▶ **What is needed**
Provide again, from the entries below, every line from the one containing "Ce samedi 7" through the one containing "SMINKEKROK: Med en", exactly as written, and no other line.

▶ **Material to process**
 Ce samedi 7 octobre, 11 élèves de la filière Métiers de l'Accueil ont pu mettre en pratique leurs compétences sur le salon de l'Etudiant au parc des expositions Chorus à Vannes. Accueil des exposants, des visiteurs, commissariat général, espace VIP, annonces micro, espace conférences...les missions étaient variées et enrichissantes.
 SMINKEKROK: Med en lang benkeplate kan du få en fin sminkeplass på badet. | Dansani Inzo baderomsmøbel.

--

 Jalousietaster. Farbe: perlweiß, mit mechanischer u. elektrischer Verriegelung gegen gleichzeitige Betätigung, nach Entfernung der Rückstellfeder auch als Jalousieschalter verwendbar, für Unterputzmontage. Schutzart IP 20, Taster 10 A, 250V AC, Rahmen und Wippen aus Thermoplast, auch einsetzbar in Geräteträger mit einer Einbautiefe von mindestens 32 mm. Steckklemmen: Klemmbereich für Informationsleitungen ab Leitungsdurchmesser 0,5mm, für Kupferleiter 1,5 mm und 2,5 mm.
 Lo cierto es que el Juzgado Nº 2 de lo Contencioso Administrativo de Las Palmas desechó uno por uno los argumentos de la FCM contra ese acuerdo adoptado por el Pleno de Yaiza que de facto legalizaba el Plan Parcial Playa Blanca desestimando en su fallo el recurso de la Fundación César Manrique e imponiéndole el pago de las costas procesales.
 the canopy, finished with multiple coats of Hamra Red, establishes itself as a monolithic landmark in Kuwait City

* * *

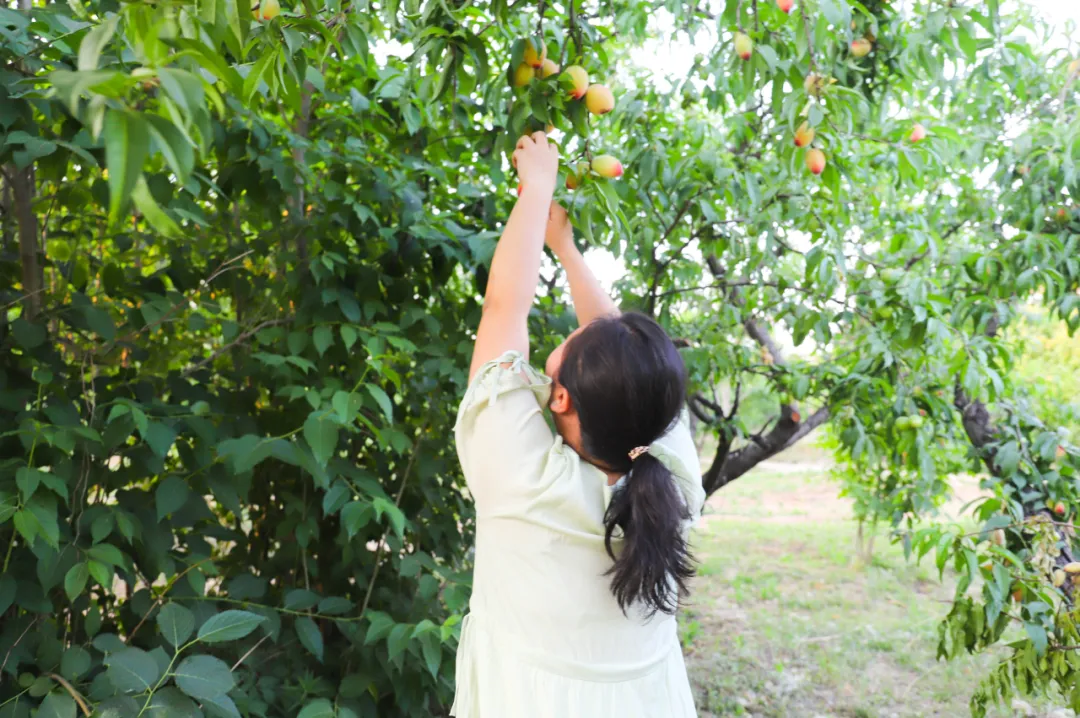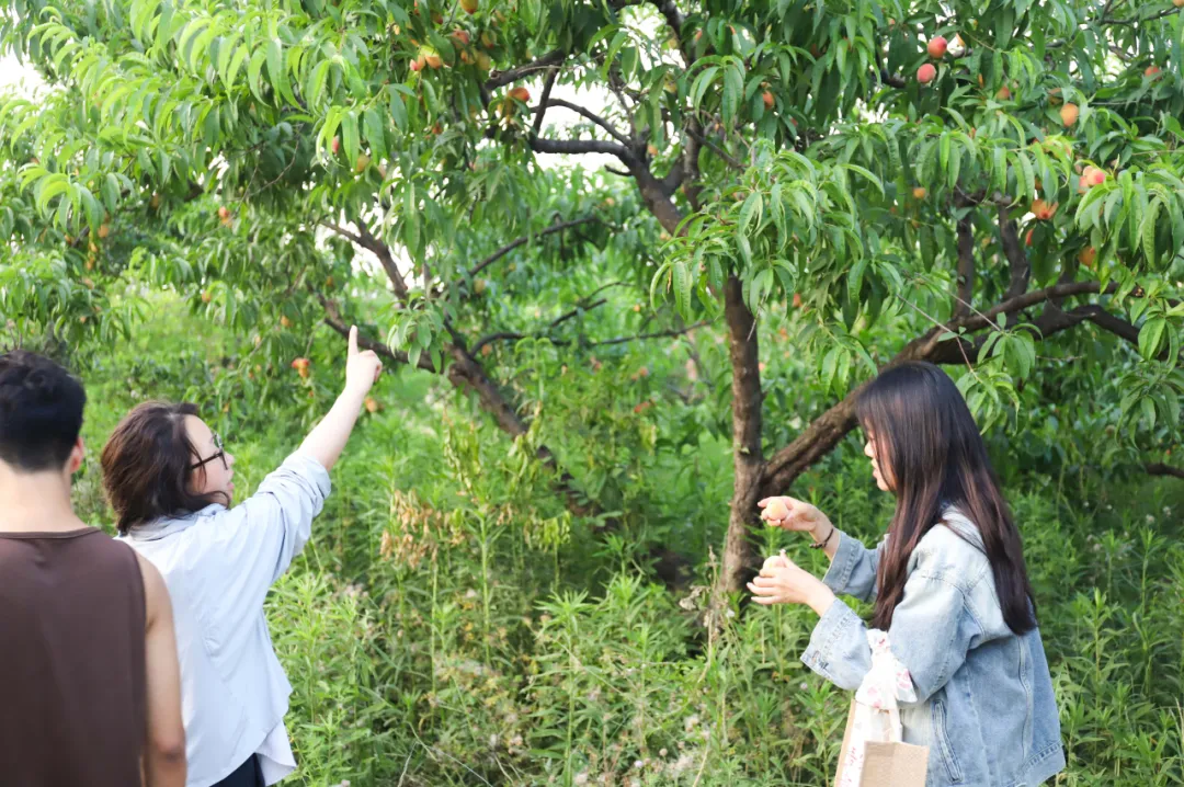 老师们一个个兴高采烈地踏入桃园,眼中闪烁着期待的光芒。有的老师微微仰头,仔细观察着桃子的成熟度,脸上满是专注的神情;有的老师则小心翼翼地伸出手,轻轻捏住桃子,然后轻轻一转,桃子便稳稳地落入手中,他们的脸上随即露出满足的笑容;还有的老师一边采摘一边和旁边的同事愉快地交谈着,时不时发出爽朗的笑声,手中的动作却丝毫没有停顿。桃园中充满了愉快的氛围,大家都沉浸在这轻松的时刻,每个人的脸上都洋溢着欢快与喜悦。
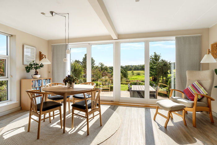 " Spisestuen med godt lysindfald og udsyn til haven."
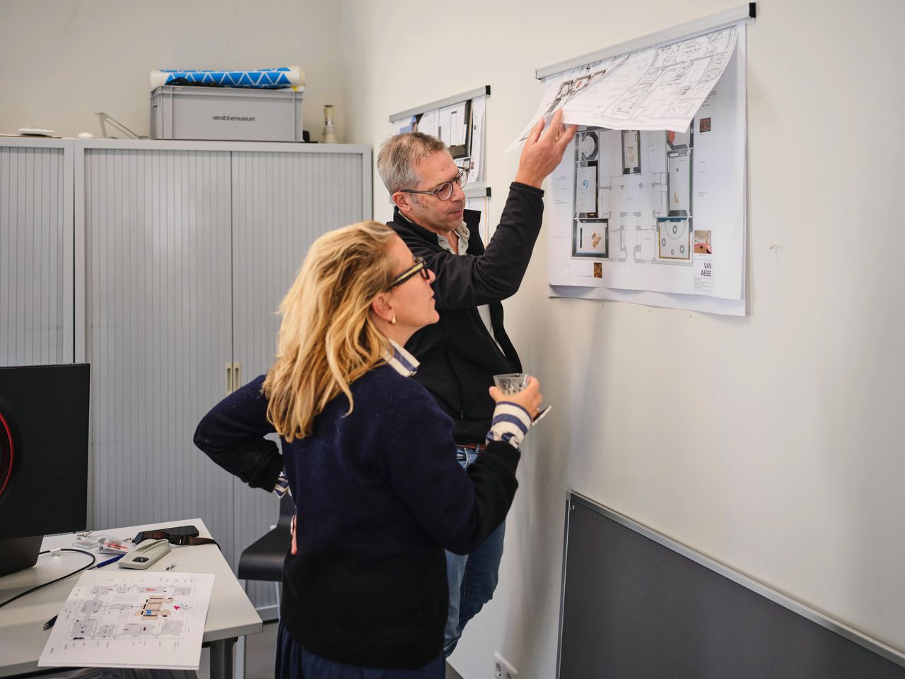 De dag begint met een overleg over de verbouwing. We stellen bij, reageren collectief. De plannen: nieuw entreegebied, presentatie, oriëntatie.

▶ **Answer to the problem**
 Ce samedi 7 octobre, 11 élèves de la filière Métiers de l'Accueil ont pu mettre en pratique leurs compétences sur le salon de l'Etudiant au parc des expositions Chorus à Vannes. Accueil des exposants, des visiteurs, commissariat général, espace VIP, annonces micro, espace conférences...les missions étaient variées et enrichissantes.
 SMINKEKROK: Med en lang benkeplate kan du få en fin sminkeplass på badet. | Dansani Inzo baderomsmøbel.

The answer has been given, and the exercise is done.